В детсве я тоже верил в НЛО. Теперь мне просто нет до этого дела. Что есть, что нет - пофиг.
Из своих собственных воспоминаний - только два раза в жизни видел нечто, что нельзя объяснить научно. Остальное по рассказам. 
Но когда человек начинает врать и выдумывать небылицы про: тарелки, инопланетян, чертей, приведений и прочее - я это вижу.

----------


## Артикль

Ну объект над лесом я видел в Талдомском районе. Дальше там трасса на Савёлово идёт. Остальные объекты вообще в другом
регионе. Рассказ про спортсмена меня не удивил. Талдом рядом с границей Тверской области.

----------


## Morpho

> Я живу в тверской области.


 Так я и не поняла, из какой ты области, дружище… то ли из Тверской, то ли не из Тверской… ну да ладно. 



> Из своих собственных воспоминаний - только два раза в жизни видел нечто, что нельзя объяснить научно.
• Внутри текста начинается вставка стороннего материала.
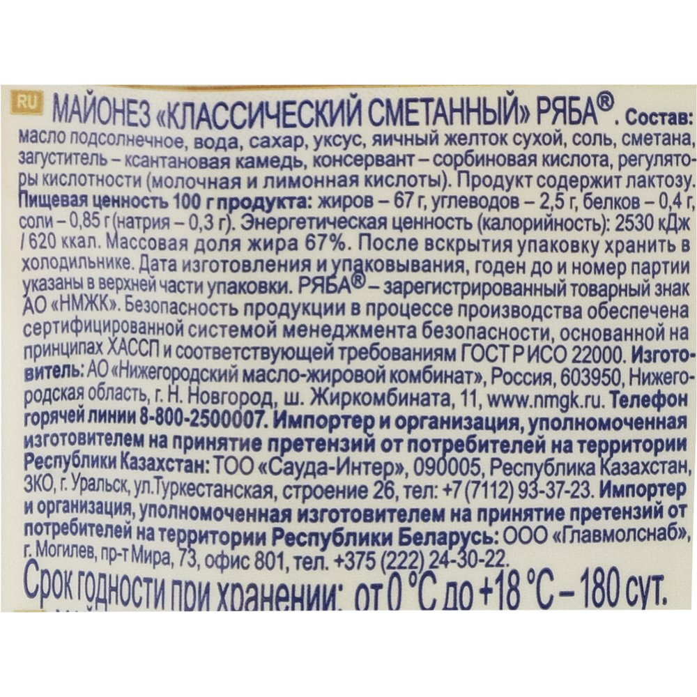 | Состав | Масло подсолнечное, вода, сахар, уксус, яичный желток сухой, сметана, соль, загуститель- ксантонтановая камедь, регуляторы кислотности (молочная и лимонная кислоты), консервант -сорбиновая кислота. Продукт содержит лактозу. |

Остальное по рассказам.


 Я думаю, что многие в своей жизни, если и видели что-то необъяснимое, то максимум несколько раз. А со временем само воспоминание об этом стирается в памяти, и ты уже не можешь точно ответить даже самому себе - происходило ли всё в реальности, или это только плод твоего воображения. 
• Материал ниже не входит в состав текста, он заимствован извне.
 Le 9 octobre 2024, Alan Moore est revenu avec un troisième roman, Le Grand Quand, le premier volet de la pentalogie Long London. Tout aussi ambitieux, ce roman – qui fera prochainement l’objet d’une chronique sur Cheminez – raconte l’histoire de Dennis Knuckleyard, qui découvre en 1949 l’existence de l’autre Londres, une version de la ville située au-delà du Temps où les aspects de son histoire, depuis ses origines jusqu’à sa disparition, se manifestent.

> Но когда человек начинает врать и выдумывать небылицы про: тарелки, инопланетян, чертей, приведений и прочее - я это вижу.


 Ты собиратель фольклора, что ли?) Или охотник за привидениями?) Зачем тебе выводить их на чистую воду? Тем более, что хорошую историю не грех и приукрасить. Но интереснее, всё же, когда повествование от первого лица. Была у меня подруга… давно… По её рассказам впору книгу писать, столько всего жуткого я наслушалась. Но не только слышала, а, было дело, даже увидела и почувствовала.

----------


## Morpho

Блин, Артикль) Я не заметила, что это Dementiy писал, думала, ты)

----------


## Morpho

Dementiy, да я тоже прекрасно вижу, когда человек врёт). И поняв это, сразу задаю себе следующий вопрос: с какой целью?

----------


## Артикль

> Блин, Артикль) Я не заметила, что это Dementiy писал, думала, ты)
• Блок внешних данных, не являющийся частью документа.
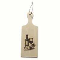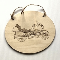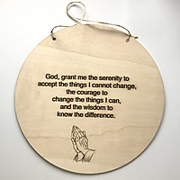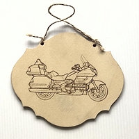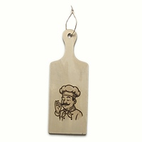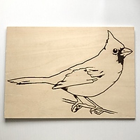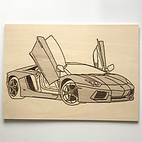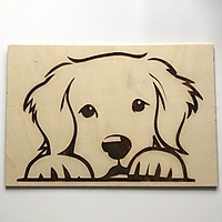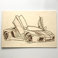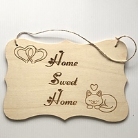 Various pictures or sayings are burned onto thin plywood sheets with a laser burner.
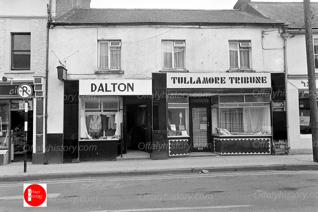 The first office of the Tullamore Tribune in Church Street, Tullamore. Beside Mrs Dalton’s, then the only used clothes shop in Tullamore. Picture about 1980.Tullamore Superstars on the poster may help to date this one. It be may be Ray Quinn’s music store to the left.
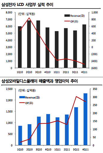 우리투자증권(005940) 박영주 연구원은 “SMD가 모바일 디스플레이 뿐 아니라 올해 AM OLED TV를 출시하면서 사업영역을 확대할 계획이기 때문에 굳이 두 부문을 분리해 운영할 필요가 없다”며 “AM OLED 기술이 진화하는 과정에서 LCD 부문이 보유한 라인을 AM OLED로 전환하면서 효율을 높일 수 있는 가능성이 충분히 있다”고 설명했다.

 Кто бы что не писал есть такие уфологи которые этим занимаются. Все внеземные да и земные делятся на три основные вида.
Инсектоиды (насекомые), рептоиды, гуманоиды. Ну есть ещё множества различных. В том числе и бестелесные. Всё это можно
найти и вникнуть в суть дела. Было бы желание. Впрочем источники несколько разнятся, но незначительно. Даже в Велесовой 
книге об этом упоминается. Не думаю что всё это враньё и выдумки.

----------


## Dementiy

> с какой целью?


 Чтобы почувствовать себя значительным, сопричастным к чему-то таинственному, свидетелем чуда.
Так повышается его важность в глазах окружающих: "Он избран небесами! Поцелованн Богом!"
И может быть, общество оценит его чуть больше чем он того заслуживает; обделит вниманием, которого все так жаждут.
Ради этого, не грех и соврать немного. Ну кому от этого станет хуже!?
Можно даже самого себя уверить в том, что это было. Самогипноз - классная штука...

----------


## Morpho

> Всё это можно найти и вникнуть в суть дела. Было бы желание.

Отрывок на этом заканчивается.